Unified event aggregator (formerly EventAggregatorUtility and the internal RocksDbAggregator, now merged into one class). Holds a RocksDatabase handle and merges per-chunk aggregation results into a unified output, deduplicating file counts and collecting association trackers for downstream resolution.

auto db = EventAggregator::open_with_merge_operator(index_path);
EventAggregator agg(db, config.compute_hash());
agg.merge_chunk(std::move(chunk_output));   // repeat per chunk
EventAggregatorOutput result = agg.finalize();
auto tracker = agg.build_global_tracker();  // merged AssociationTracker

AggregationVisitor¶

DftEventVisitor subclass that accumulates AggregationMetrics per AggregationKey directly from parsed events during a scan, so the aggregation pass can share a single parse with bloom and manifest visitors via DftEventDispatcher. Defined in dftracer/utils/utilities/composites/dft/aggregators/aggregation_visitor.h.

DftEventDispatcher¶

Fan-out adapter that implements the IndexVisitor interface, parses each line once, and dispatches the parsed DftEvent to a list of registered DftEventVisitor instances (BloomVisitor, ManifestVisitor, AggregationVisitor, …). This collapses multiple visitor passes into a single read of the input. Defined in dftracer/utils/utilities/composites/dft/dft_event_dispatcher.h.

Association Tracking¶

AssociationTracker¶

Tracks process hierarchy (parent-child PIDs) and boundary event intervals during chunk processing.

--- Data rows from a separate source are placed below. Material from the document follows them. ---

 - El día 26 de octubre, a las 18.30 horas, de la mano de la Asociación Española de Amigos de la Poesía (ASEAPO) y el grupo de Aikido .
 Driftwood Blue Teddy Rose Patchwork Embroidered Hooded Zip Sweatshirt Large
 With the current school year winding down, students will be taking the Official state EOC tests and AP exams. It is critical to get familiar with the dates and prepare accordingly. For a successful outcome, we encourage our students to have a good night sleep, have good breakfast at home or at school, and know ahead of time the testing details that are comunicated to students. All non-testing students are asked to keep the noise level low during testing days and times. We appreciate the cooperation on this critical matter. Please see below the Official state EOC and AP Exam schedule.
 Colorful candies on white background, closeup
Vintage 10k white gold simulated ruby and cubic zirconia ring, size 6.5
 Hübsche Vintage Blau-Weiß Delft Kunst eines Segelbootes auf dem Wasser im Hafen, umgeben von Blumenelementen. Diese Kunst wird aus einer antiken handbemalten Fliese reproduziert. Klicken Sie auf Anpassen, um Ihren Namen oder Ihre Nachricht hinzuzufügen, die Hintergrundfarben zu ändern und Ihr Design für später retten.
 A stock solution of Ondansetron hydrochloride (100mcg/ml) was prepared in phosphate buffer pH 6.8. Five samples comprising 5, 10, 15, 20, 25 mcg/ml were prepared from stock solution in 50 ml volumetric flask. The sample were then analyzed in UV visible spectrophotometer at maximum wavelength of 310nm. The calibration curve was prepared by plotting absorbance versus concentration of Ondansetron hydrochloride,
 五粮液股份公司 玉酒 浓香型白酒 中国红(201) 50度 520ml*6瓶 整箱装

Each chunk gets its own tracker, and trackers are merged during the resolution phase.

Process hierarchy: Extracts parent PID from metadata events to build a process tree. Used to annotate aggregated events with their root process.

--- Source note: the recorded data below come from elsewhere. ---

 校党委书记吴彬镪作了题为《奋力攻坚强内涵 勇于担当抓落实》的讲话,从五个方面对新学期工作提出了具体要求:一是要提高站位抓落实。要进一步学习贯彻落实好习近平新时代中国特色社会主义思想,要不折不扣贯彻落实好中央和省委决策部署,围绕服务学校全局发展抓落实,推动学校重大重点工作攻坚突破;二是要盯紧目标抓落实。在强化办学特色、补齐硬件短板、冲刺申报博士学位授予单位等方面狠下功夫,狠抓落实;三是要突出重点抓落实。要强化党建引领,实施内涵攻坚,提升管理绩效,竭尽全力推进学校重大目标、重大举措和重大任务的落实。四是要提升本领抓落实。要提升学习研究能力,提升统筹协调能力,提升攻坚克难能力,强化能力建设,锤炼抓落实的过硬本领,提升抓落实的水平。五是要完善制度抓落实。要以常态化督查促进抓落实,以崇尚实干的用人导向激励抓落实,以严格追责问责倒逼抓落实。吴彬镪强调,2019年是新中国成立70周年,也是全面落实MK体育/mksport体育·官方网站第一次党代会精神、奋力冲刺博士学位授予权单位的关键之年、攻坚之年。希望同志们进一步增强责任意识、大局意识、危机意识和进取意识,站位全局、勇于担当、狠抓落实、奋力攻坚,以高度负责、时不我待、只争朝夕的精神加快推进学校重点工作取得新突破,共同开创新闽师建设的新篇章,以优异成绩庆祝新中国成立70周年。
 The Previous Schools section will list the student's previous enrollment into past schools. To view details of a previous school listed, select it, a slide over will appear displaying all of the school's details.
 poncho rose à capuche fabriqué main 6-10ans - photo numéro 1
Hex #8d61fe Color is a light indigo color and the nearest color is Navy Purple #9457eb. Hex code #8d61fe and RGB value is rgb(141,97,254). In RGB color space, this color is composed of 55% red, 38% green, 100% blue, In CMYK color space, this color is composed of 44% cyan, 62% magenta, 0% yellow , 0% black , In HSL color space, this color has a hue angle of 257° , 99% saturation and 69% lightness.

Boundary events: Tracks named intervals (e.g., training epochs) by matching start/end events. Aggregated events are associated with the boundary interval that contains their timestamp.

AssociationResolverUtility¶

Resolves process hierarchy and boundary associations across all chunks.

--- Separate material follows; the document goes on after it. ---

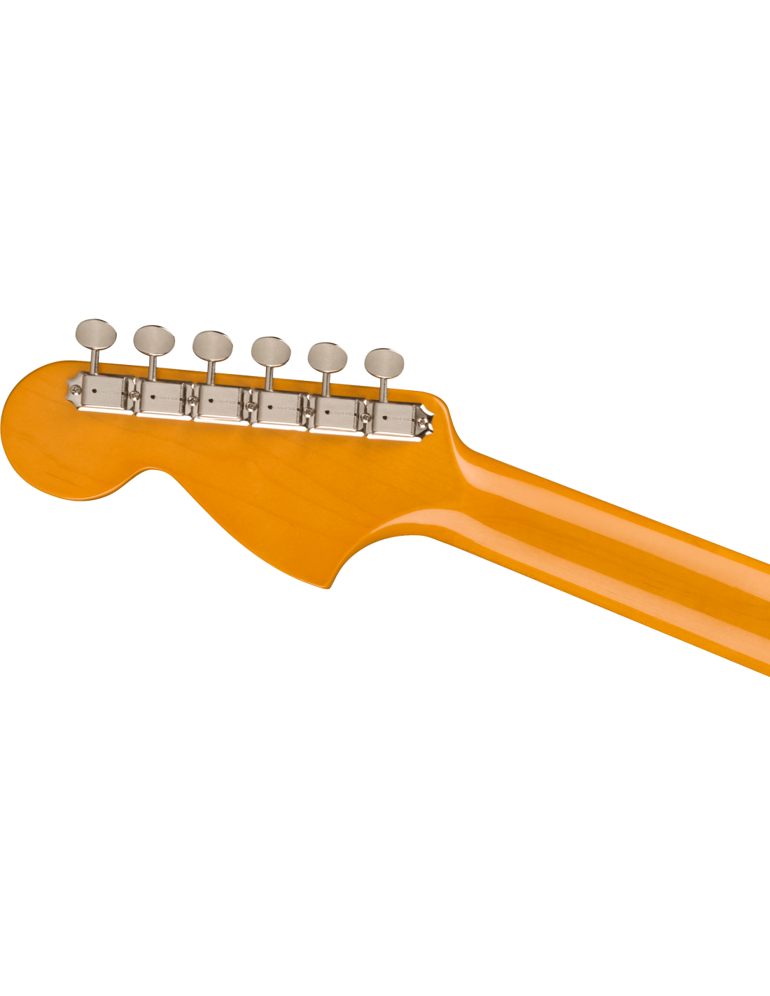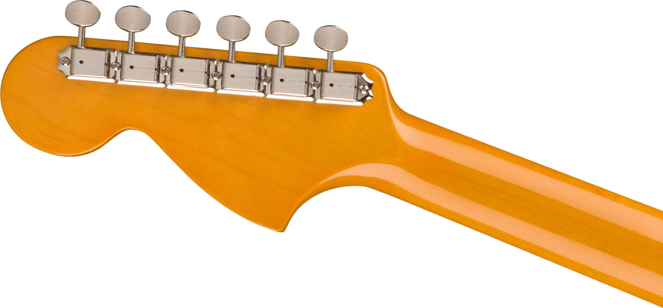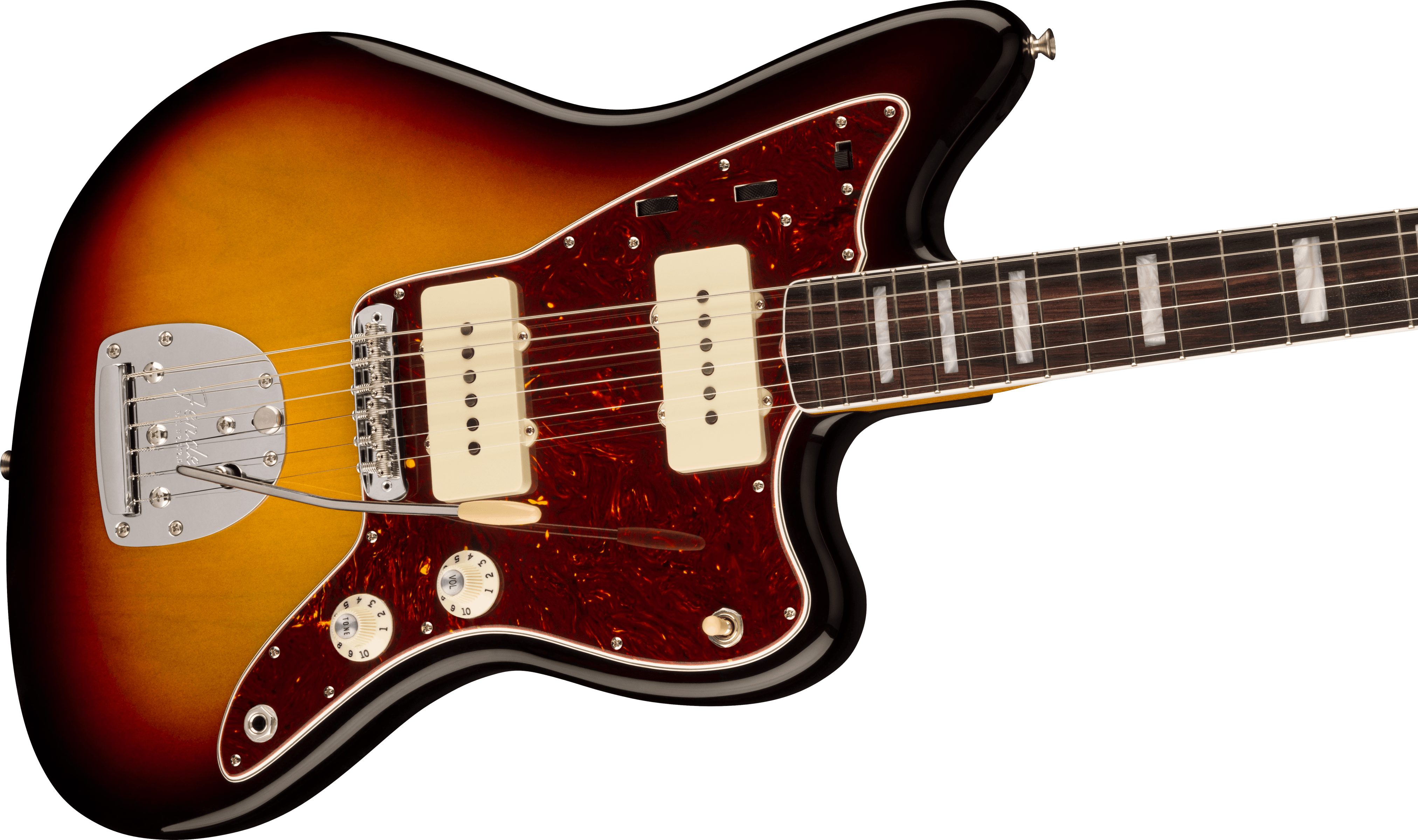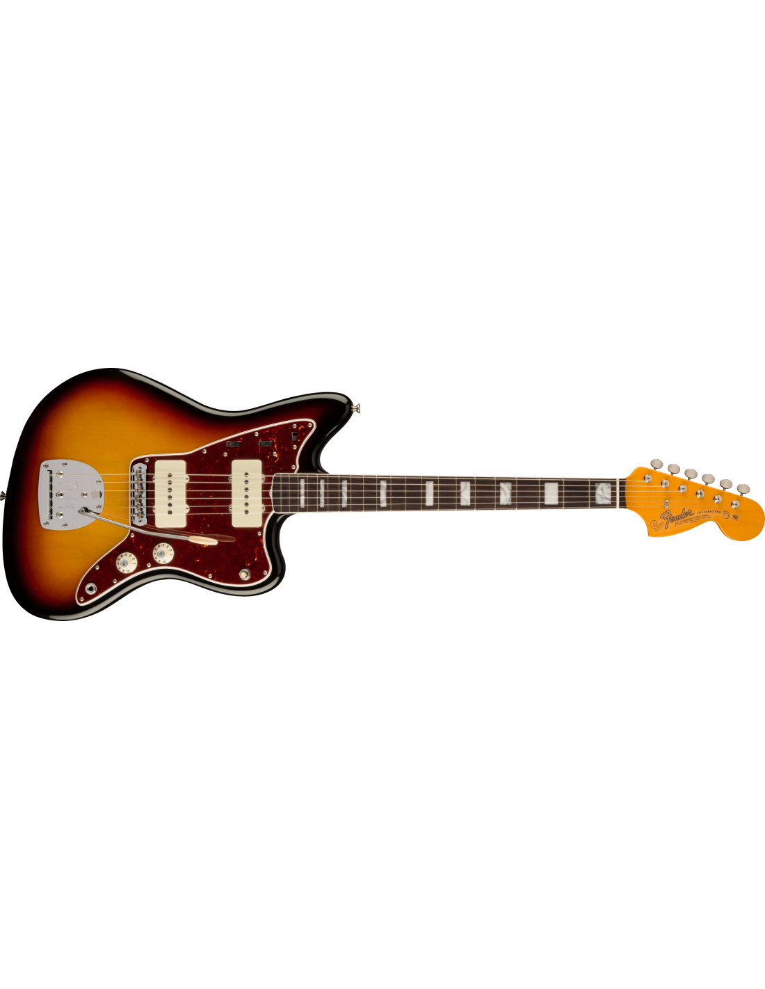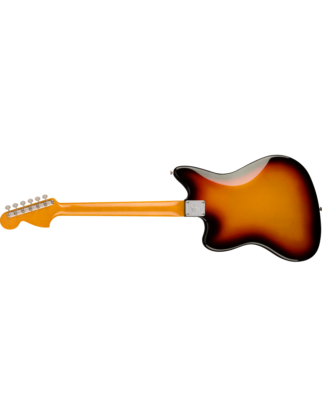 Guitare Électrique Fender American Vintage II 1966 Jazzmaster, couleur £-Color Sunburst. La Fender American Vintage II 1966 Jazzmaster est une guitare électrique à 6 cordes. Elle présente un manche en Érable avec profil en C, avec un touche bordée en Palissandre Round-Lam avec un rayon de 7,25” et 21 frettes Vintage Tall. Échelle de 25 1/2”. Le corps est en Tilleul, avec un pickguard en tortue à 4 couches. Finition en Nitrocellulose. La partie électronique se compose de deux micros Fender Pure Vintage ’66 Single Coil Jazzmaster. Deux ensembles de contrôles sélectionnables : le circuit “Lead” comprend un Volume Master, un Ton Master et un sélecteur à 3 positions. Le circuit Rhythm comprend deux roulettes à effleurement pour le contrôle du Volume et du Ton du micro au manche. Matériel en Nickel/Chrome. Pont Pure Vintage Jazzmaster avec des selles filetées en acier. Tremolo Flottant Pure Vintage. Étui rigide de style Vintage inclus.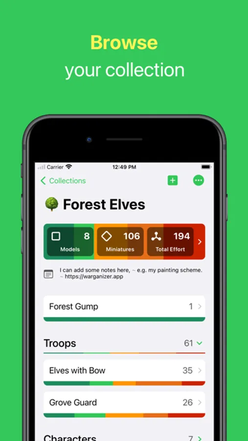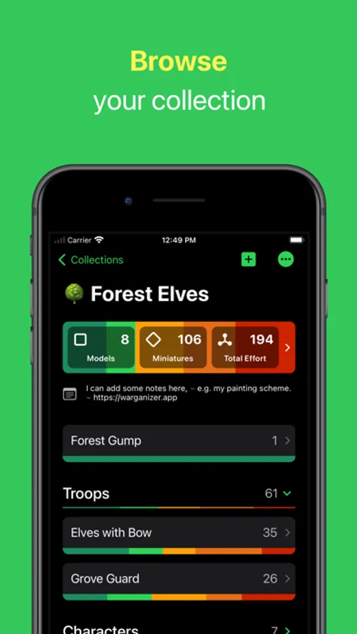 - Add notes to your collections and models (e.g. to remember your painting scheme).

Merges all per-chunk AssociationTracker instances, resolves parent PIDs to root processes, computes trace-wide metadata (duration, boundary ranges), and annotates aggregated events with their associations.

High-Level Aggregator¶

AggregatorUtility¶

High-level StreamingUtility that orchestrates the full aggregation pipeline: directory scan, index building, metadata collection, chunk mapping, parallel aggregation, merge, and association resolution.

Yields AggregationBatch objects that can be converted to Arrow via to_arrow().

AggregatorUtility util;
AggregatorInput input;
input.directory = "./traces";
input.config.time_interval_us = 1000000;

auto gen = util.process(input);
while (auto batch = co_await gen.next()) {
    auto arrow = batch->to_arrow();  // 18-column Arrow batch
    // write to IPC file, send to Python, etc.
}

Output Utilities¶

PerfettoTraceWriterUtility¶

Writes aggregated results in Perfetto trace format for visualization in the Perfetto UI (https://ui.perfetto.dev).

Supports three event formats (PerfettoEventFormat):

COUNTER - Counter track events (default, best for time-series metrics)
ASYNC - Async slice events (shows duration spans)
REGULAR - Regular slice events

// process() returns coro::CoroTask<bool>; needs a CoroScope context.
PerfettoTraceWriterInput input;
input.output_path = "out.pftrace";
input.aggregator = &aggregator;      // populated EventAggregator
input.agg_config = &config;
input.format = PerfettoEventFormat::COUNTER;
input.compress = true;

PerfettoTraceWriterUtility writer;
bool ok = co_await writer.process(input);

Serialization¶

RocksDB key/value codecs for the AGGREGATION column family. Aggregation keys are packed as a 2-byte shard prefix, a 1-byte AggMapType, and LEB128 varint intern IDs; values are varint-packed metrics with three format tiers (METRIC_FMT_COMPACT, METRIC_FMT_FULL, METRIC_FMT_FULL_WITH_SKETCH). Defined in aggregators/aggregation_serialization.h.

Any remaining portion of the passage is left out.